In the simulations, the density of juvenile salmon (parr + smolt) on 01-November (when smolts start differentiating in size from parr) is 0.5 fish/m², similar to the mid-October estimate of 0.56 individuals/m² in the river Os [39]. A direct comparison between the experimental and simulated juvenile densities per year class is not straightforward. The results of a survey are highly dependent on the environmental conditions (water flow and temperature) in the immediately preceding years. In the model, only changing temperature is modelled, which may reduce yearly population variability. Comparison with the results of the 1991–2010 surveys shows that the model captures the population dynamics, and gives realistic densities for the three age classes (Fig 2).

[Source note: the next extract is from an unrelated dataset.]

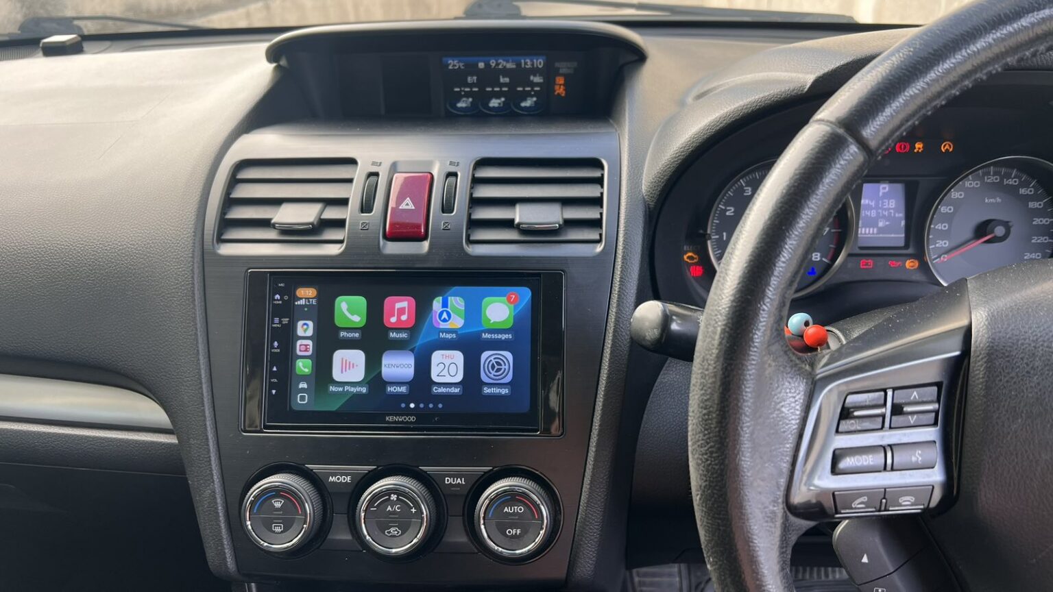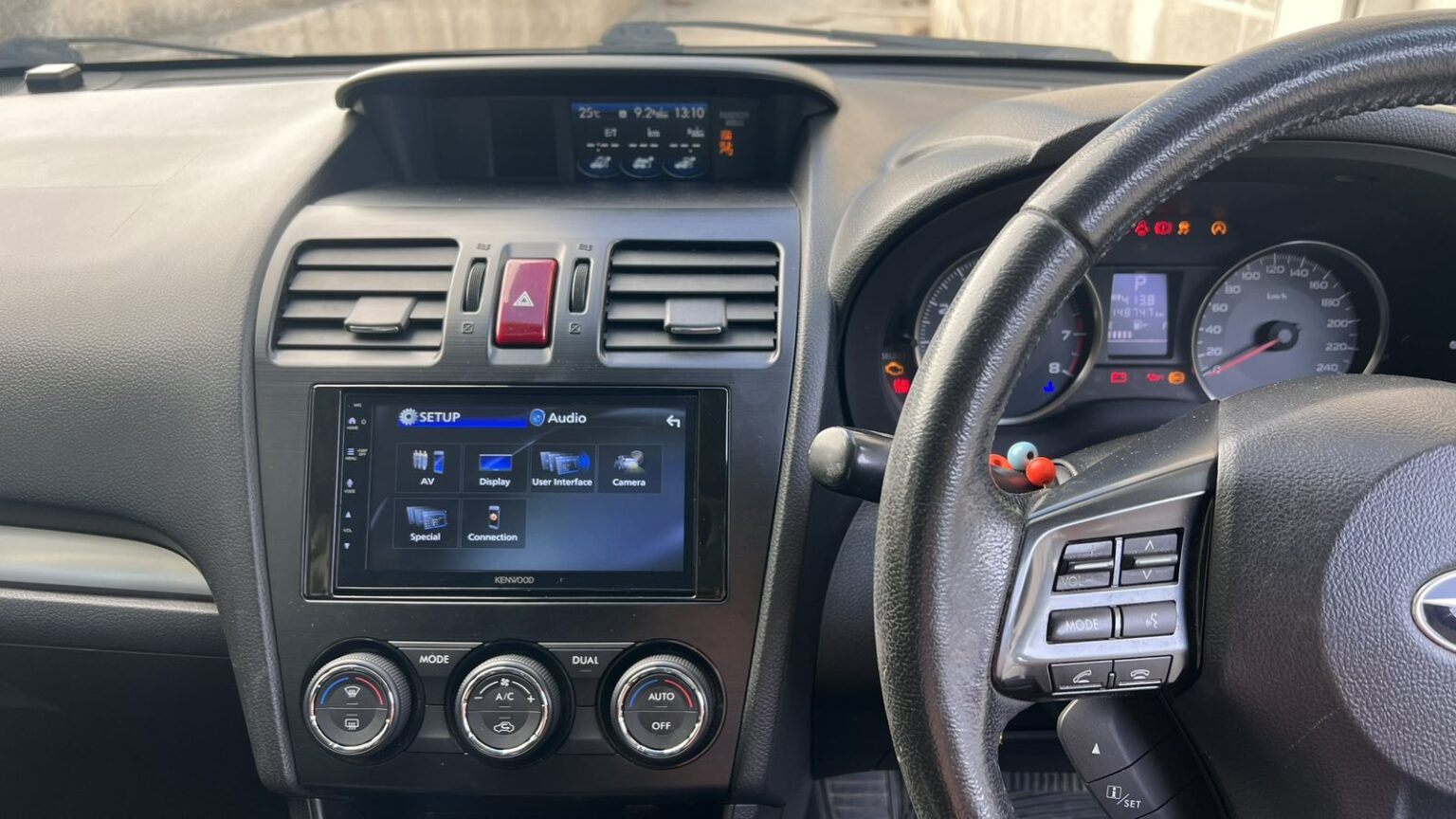 Using a steering wheel control adapter, all original buttons on the Forester are fully functional with the Kenwood system. This ensures intuitive control of volume, track selection, and calls without removing hands from the wheel.
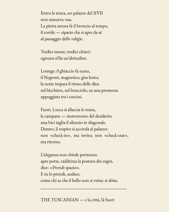 A quiet-luxury boutique hotel tucked away inside Lucca’s ancient city walls.

The average smolt density in the river Os on 15-10-2010 was 0.25 fish/m² [39], and in the 20 years between 1991 and 2010 was 0.17 fish/m² (range 0.1–0.3). The simulated smolt densities at the end of October (Table 6) are in good agreement with those in the river. Smolt production in the river Os is estimated to 0.15 fish/m² [39], similar to the 0.12 smolts/m² obtained by the model (Table 6), and in line with the range of values (0.003–0.3) found by Jonsson et al. [83] in the river Imsa.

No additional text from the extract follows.